Dies betrifft im Übrigen auch die ganze deutsche Künstlerszene Böhmens. In Liberec hat es gerade eine außerordentlich erfolgreiche Ausstellung gegeben mit Bildern der deutschsprachigen Maler aus der Tschechoslowakischen Republik von 1918 bis 1938. Die Sammlung dieser Bilder war erst kürzlich im hintersten Teil des Liberecer Museumsdepots entdeckt worden. Diese Bilder hatten dort seit 1945 gestanden, etwas verstaubt aber gut erhalten. Das war die erstaunliche Entdeckung eines inzwischen unbekannten Teils der tschechischen Moderne.

Diese Künstlerszene war doppelt vernetzt, einerseits sehr intensiv mit ihren tschechischsprachigen Kollegen in der Tschechoslowakei, andererseits mit der sehr lebendigen Künstlerszene im Deutschland der Weimarer Republik. Das betrifft auch die Architektur. Rudolf Bitzan, der Erbauer der Reichenberger Feuerhalle – im Roman ist Winterbergs Vater deren erster Betreiber – ist zugleich einer der maßgeblichen Architekten des Leipziger Hauptbahnhofs.

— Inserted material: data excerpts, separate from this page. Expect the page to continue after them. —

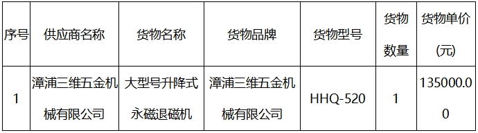 龍軸集團大型號升降式永磁退磁機采購與安裝中標公告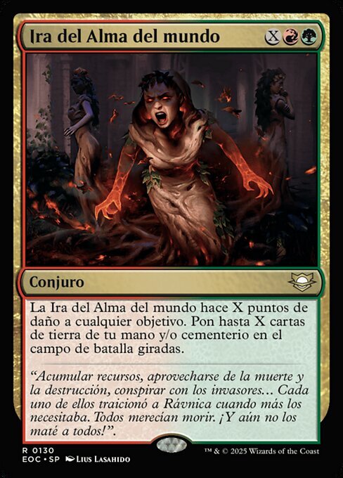 | Rules | Worldsoul's Rage deals X damage to any target. Put up to X land cards from your hand and/or graveyard onto the battlefield tapped. |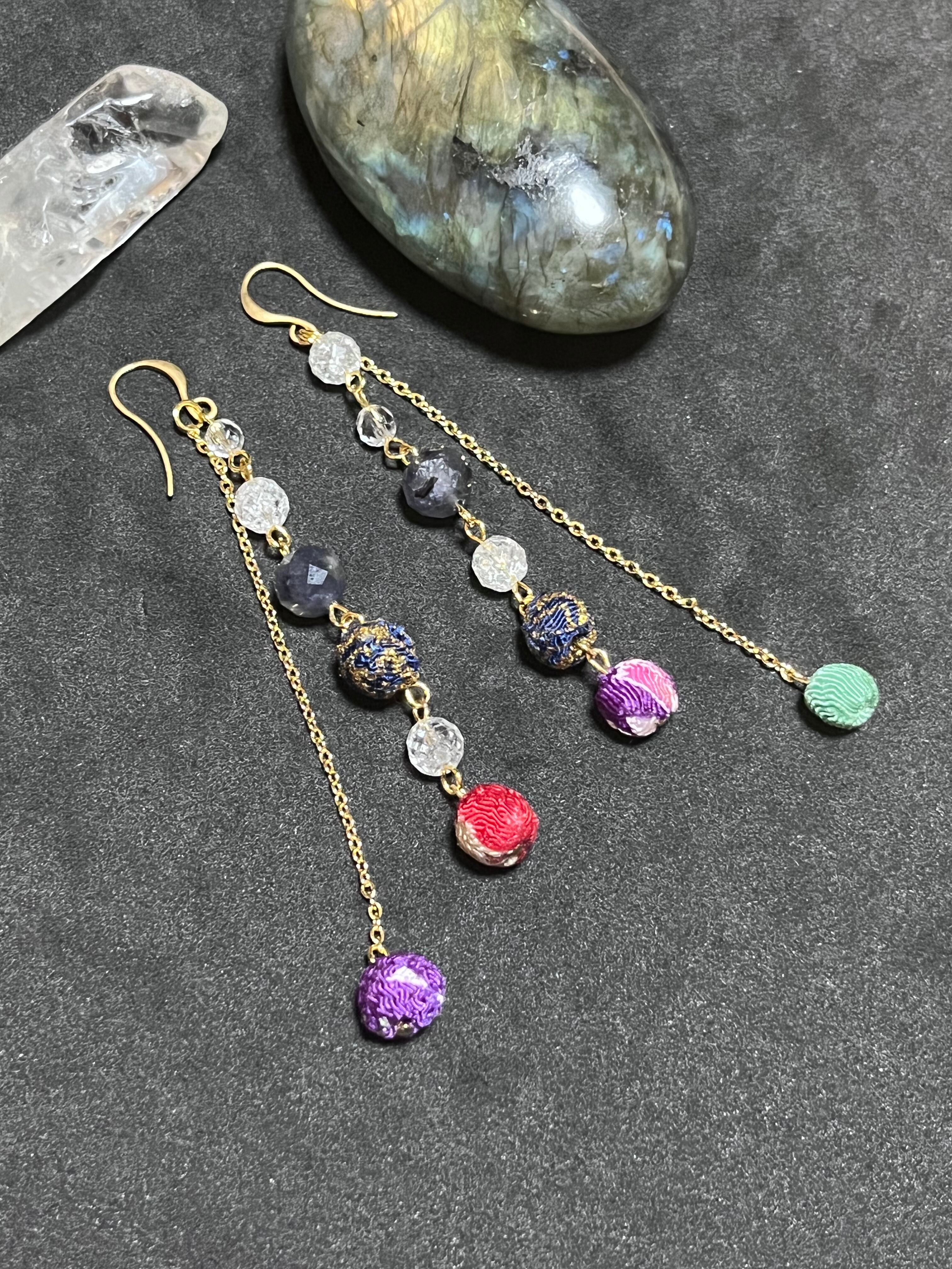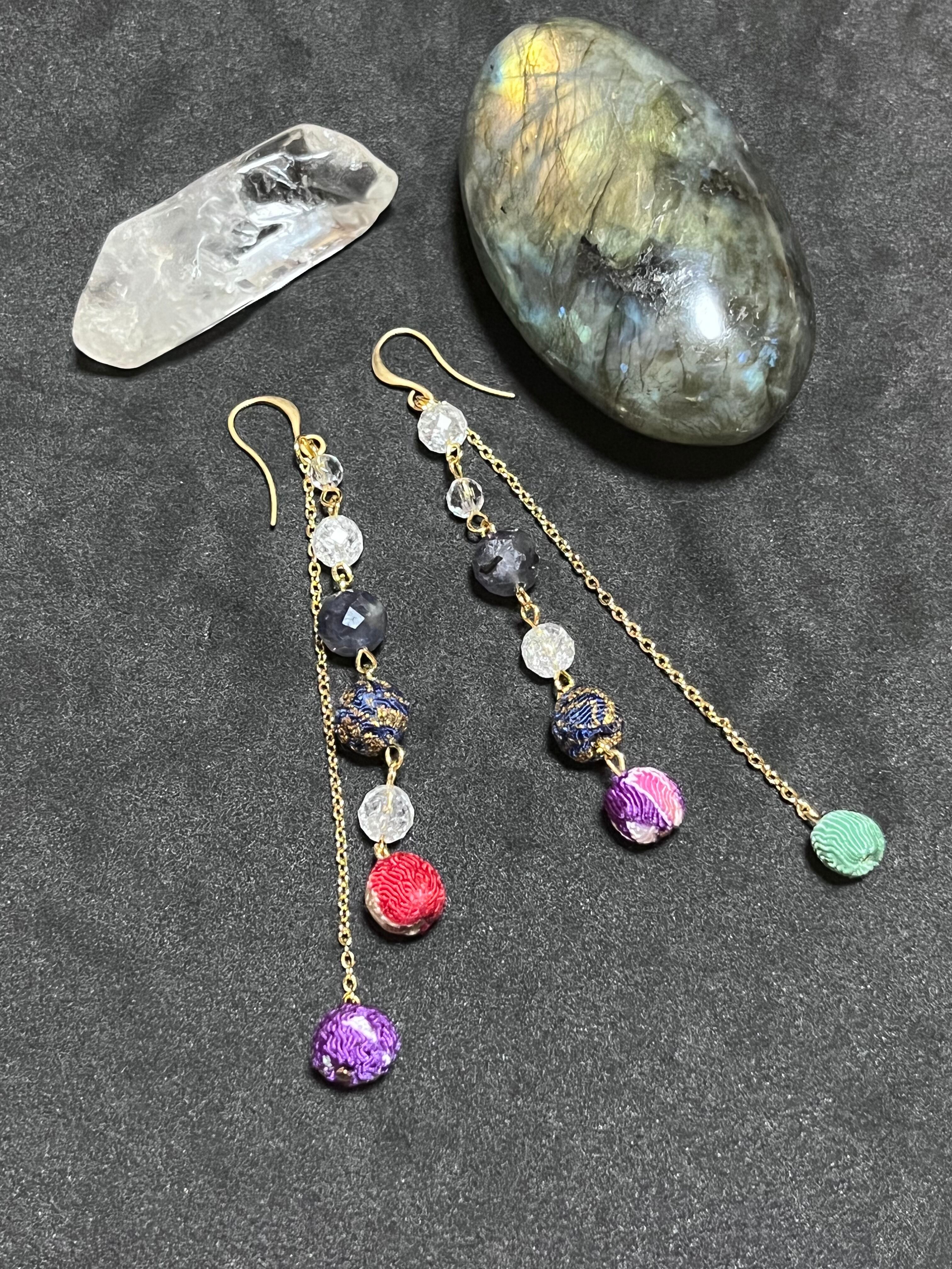 手作り縮緬ビーズとアイオライト、クリスタルのロングピアス!!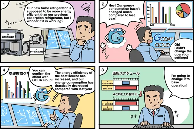 GODA® Cloud es una herramienta de recopilación y análisis de datos que captura información de operación en el equipo de monitoreo central de un edificio, analiza la operación desde múltiples ángulos en poco tiempo y permite una operación óptima de ahorro de energía.

Das Liberecer Krematorium taucht bereits in meinem Roman »Grandhotel« auf. Es war das erste Krematorium Österreichs, eingeweiht ein Jahr vor dem Ende der k.u.k.-Monarchie. In der katholischen Doppelmonarchie war die Feuerbestattung nicht erlaubt, im protestantisch geprägten Reichenberg hatte man das anders gesehen. Reichenberg war das deutschsprachige Zentrum Böhmens mit vielen Verlagen. Bis 1938 hat es die sehr liberale »Reichenberger Zeitung« gegeben. Reichenberg hatte zu dieser Zeit einen sehr deutsch-liberalen Bürgermeister, Carl Kostka, der ein Verteidiger der Demokratie und der Republik war, ein Held, der von den Nazis gehasst wurde. Kostka und seine Verdienste werden in Tschechien gerade wiederentdeckt, was mich sehr freut.

Liberec ist für mich auch Familiengeschichte. Mein Großvater Alois – Vorbild für die Graphik-Novel-Figur Alois Nebel – ist im Liberecer Krematorium eingeäschert worden. Mein Onkel war Fahrdienstleiter auf dem Liberecer Bahnhof. Meine Liberecer Tante ist eine geborene Kafka, ohne mit Franz Kafka verwandt zu sein.